Tzrg took a deep breath, tightened his grip on his javelin, and joined the fray.
1
“We’ve made good time,” Regdar said, turning to look at Jozan. “The village should be just over this next hill, and we have a few hours of daylight left.”
The priest nodded.
“We could continue on,” Regdar suggested, “camp along the road.”
Jozan patted the neck of his dappled mare and smiled. “They warned me about you in Lianne,” the priest said.
Regdar felt his hackles raise. “They warned you about me, Father?”
Jozan coughed out a laugh and said, “They told me you liked to do things the hard way.”
“Did they?” Regdar asked.
He was not amused. Regdar didn’t think he chose one “way” or another. There was little to fear along the road west from the frontier town of Lianne to the city of New Koratia. How hard could one night outside the confining walls of a smelly old inn be? Regdar slowed his horse and looked over at the priest. Jozan’s polished scale mail glinted in the sun, a heavy mace—a real weapon, Regdar was pleased to note—hung from the side of his saddle. Around his neck, strung on thick twine, hung a wooden carving of a stern-faced sun—the symbol of Pelor.

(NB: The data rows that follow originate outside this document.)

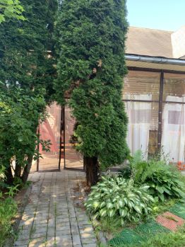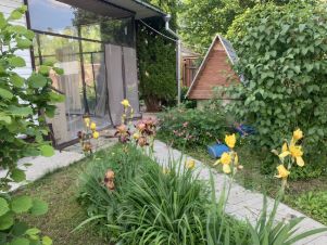 -В зоне сада и огорода расположена теплица, фруктовые деревья (яблони, груша, сливы, вишня), кустарники ягодные (разные сорта голубики, крыжовника, смородины, жимолости, малины), много клубники традиционной и ремонтантной, множество декоративных кустарников и многолетних цветов;
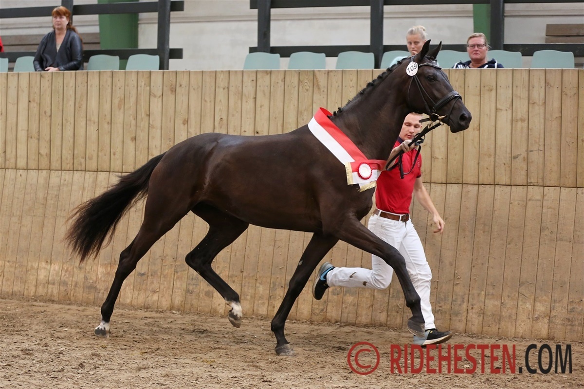 Storrammede og ædle kat 144, Springborgs Ganya e. Knock-Out/ Sir Donnerhall I fra Stutteri Springborg tog placeringen som nummer to, og er derfor også inviteret med til eliteskuet, efter at have vist dagens dommere stor bæring i trav og galop. Nummer tre og reserve til eliteskuet blev med sin flotte type kat 159, Straight Horse Sanza e. Straight Horse Sir Romance/ De Niro, avlet og ejet af Straight Horse ApS.
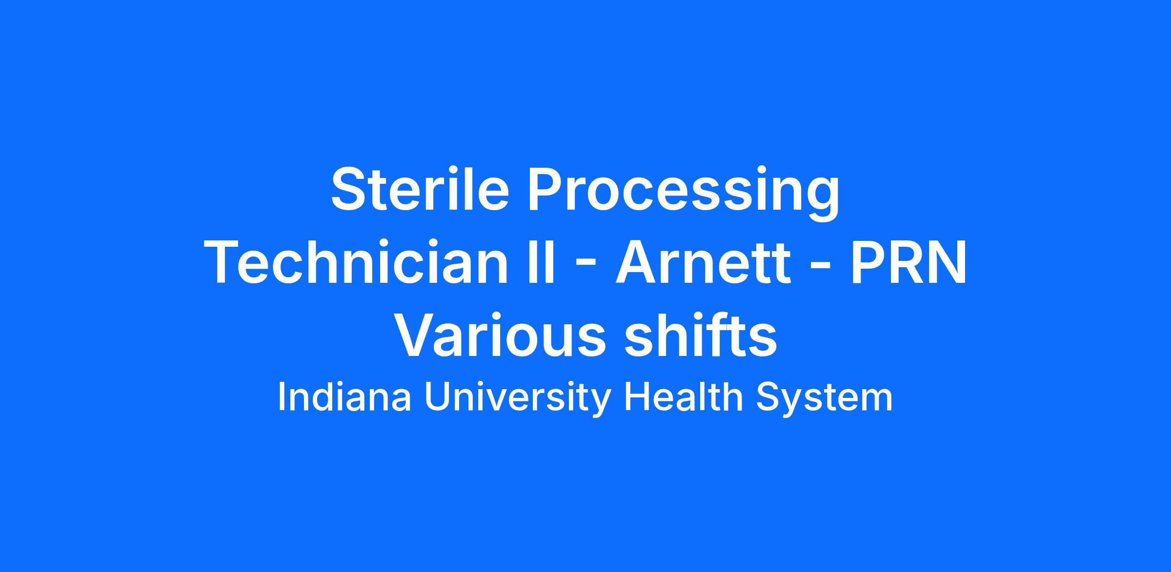 Sterile Processing Technician II - Arnett - PRN Various shifts

There was something about this priest that Regdar liked. Maybe it was the fact that Jozan looked more like a soldier than a priest, or maybe it was that he was closer to Regdar’s own age than any man of the cloth Regdar had ever met. After six years in the Duke’s infantry, escorting a lone priest of Pelor—the god Regdar most honored himself—was easy duty. Regdar didn’t feel like someone was standing just over the next hill waiting to kill him. He wasn’t thinking about the tragedy that had sent him into the army in the first place. He was just riding west through good, clean, hilly country on a good horse, with good company.
The hard way indeed.
“What else did they tell you about me?” Regdar asked.
“They said you know how to use that gigantic sword of yours,” Jozan said.